Still gasping for air and shaken from the nightmare, I pulled the covers over my head and counted to ten, trying to calm my racing heart.

The echoes of the dream stuck with me, making me break out in a cold sweat despite the room's warmth. I wiped my forehead and rubbed my eyes, yawning, but the haunting images just wouldn’t fade.

The nightmare hit me again: a faceless man with a deep voice and broad shoulders chased me through a dark, shadowy place. He was relentless, getting closer with every desperate step I took.

I tried to scream, but my voice was trapped in silence.

Everything around me twisted and melted like a weird painting, with buildings falling and skies collapsing. It felt like a whole other world where nothing made sense.

The faceless man’s whispers warned me not to trust anyone, not even myself.

Unlike any dream I’d had before, this one left me shivering with fear.

With a deep sigh, I pushed the covers aside and forced myself to face the day.

But as I got out of bed, a strange feeling gnawed at the back of my mind, a lingering sensation that I couldn’t quite shake off.

Then I heard a tapping against my bedroom shutters.

My blood ran cold.

What the hell was that?

“Sofiya, hurry up! I have a meeting with Professor Hamilton in thirty minutes!”

My mama’s sudden shout made me jump, and I instinctively put my hand over my mouth to stop myself from screaming. Taking a deep breath, I reminded myself it was just her.

Gosh, she scared the living daylights out of me.

What a terrible way to start the day.

It's been three days since Claire and I argued, and despite all the apology texts I’ve sent, she hasn’t replied to any of them.
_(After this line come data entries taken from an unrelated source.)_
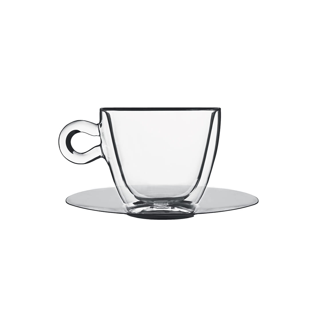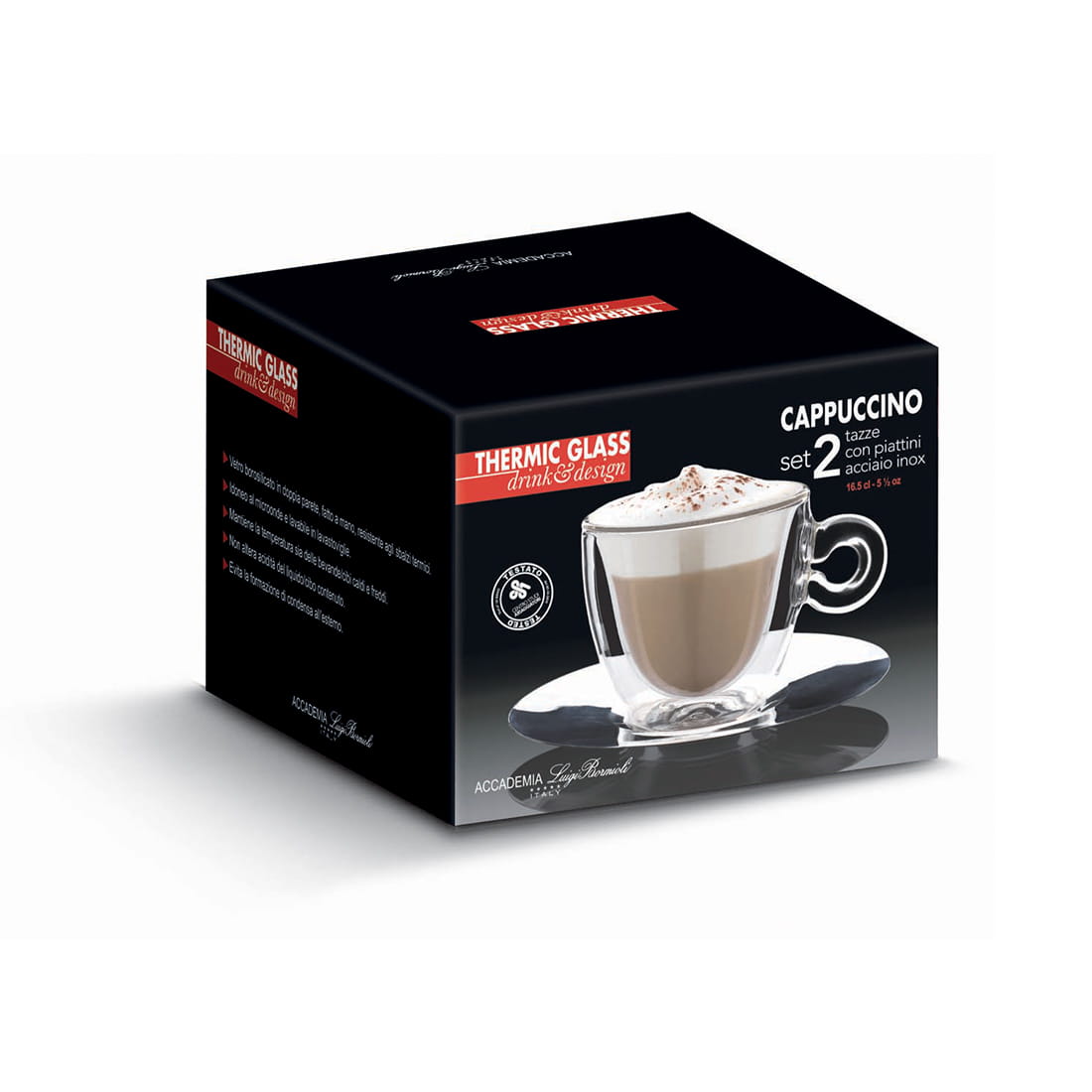 Luigi Bormioli THERMIC GLASS filiżanki do cappuccino z podwójnym dnem ze spodkami ze stali 165 ml komplet 2 szt
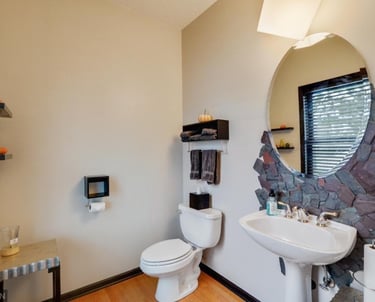 The toilet was the main focal point when walking into the home. With dated design & fixtures, it was time to address layout and bring some flair to the space.
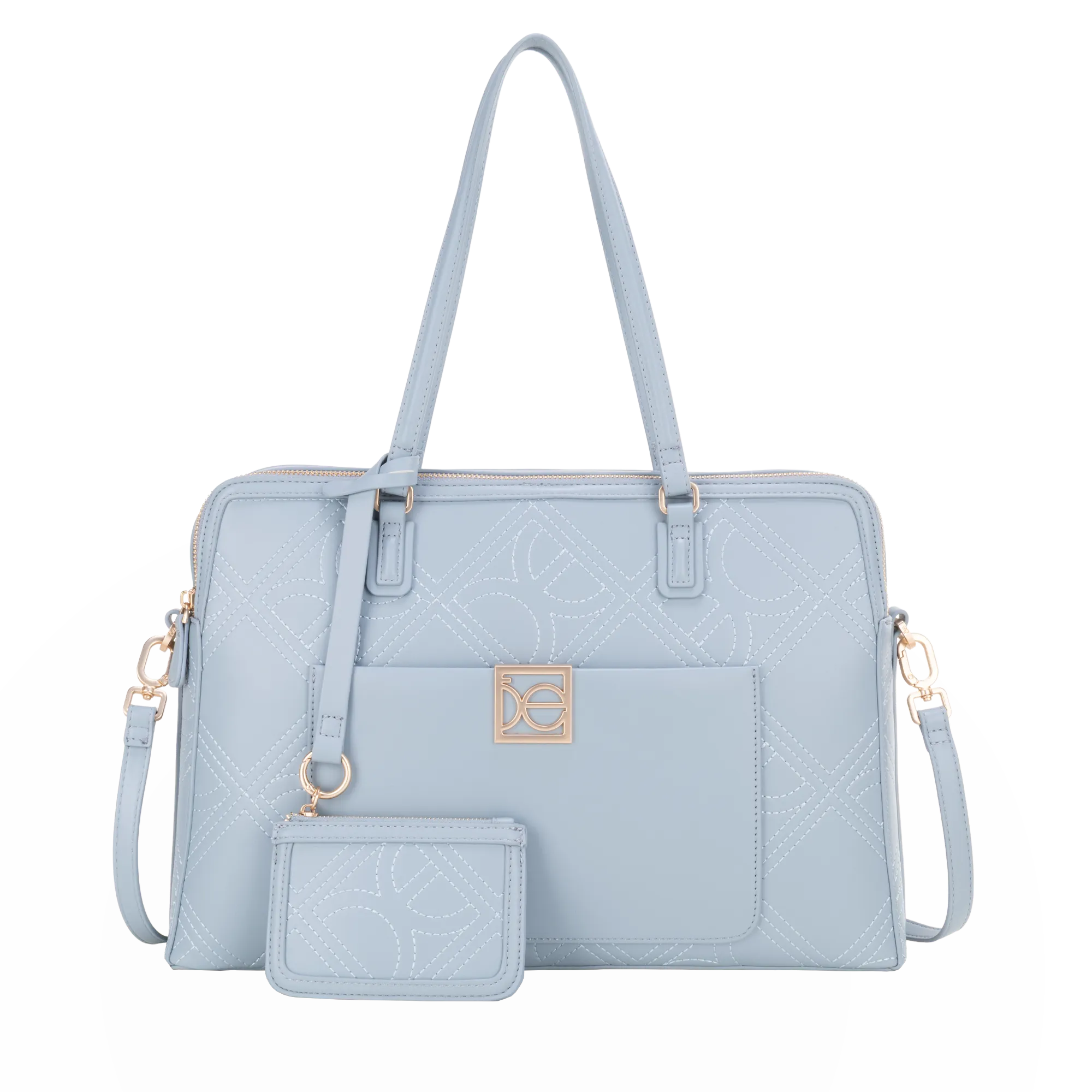 Bolso hecho con material vegano apariencia piel. Cuenta con cierre metálico de larga duración. Diseño bordado de monograma. Porta laptop de 14 plg. Compartimento frontal de fácil acceso. Compartimento posterior con cierre. Monedero desprendible. Asa larga ajustable y removible.
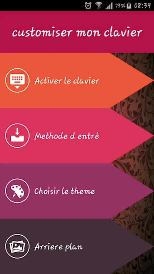With over 22 different types of keyboard themes. Customize the way you type and send messages to your friends !! Select the photo or the Gallery Click on a new photo and set as background on your keyboard.
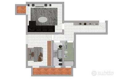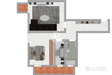 Proponiamo in vendita un bilocale di 73 mq, ottenuto da un frazionamento di proprietà.
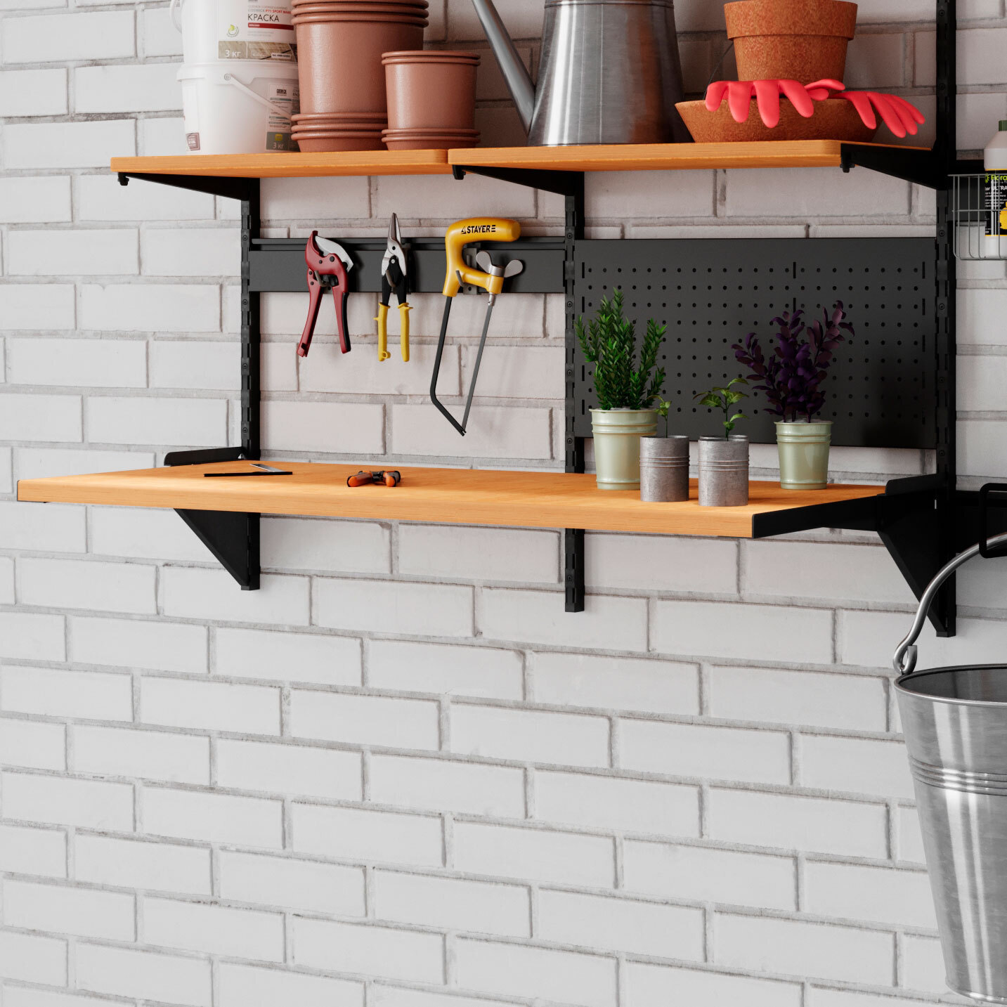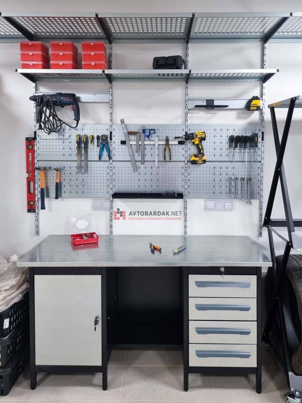Наши проектировщики вместе с вами подберут товары и спланируют вашу идеальную мастерскую: стальные и деревянные верстаки, полки, стеллажи, перфорированные панели, ящики и шкафы для хранения инструментов. У нас есть все для обустройства мастерской.

I'm really sad that she won't respond and that our brief friendship seems to have ended this way.

So, to avoid feeling depressed about it, I’ve decided to focus all my attention on studying day and night. However, as I glanced around and saw the state of my bedroom, I was horrified by the chaos.

How did it get so messy?

I couldn’t even remember falling asleep or leaving everything scattered on the floor. They say a tidy room equals a tidy mind, and it was clear that my disorganized room reflected how I was feeling—disheveled, exhausted, and out of sorts.

I quickly got ready, taking a shower, applying some light makeup, and slipping into my favorite hoodie and jeans for comfort.

“Jesus, Sofiya!”

I rushed down the stairs and stopped in front of the door, where my mom was waiting in her usual black suit. She raised an eyebrow, took in my appearance, and shook her head in disappointment. I forced a smile, trying to mask my embarrassment, while she grabbed her lunch bag and car keys before heading out.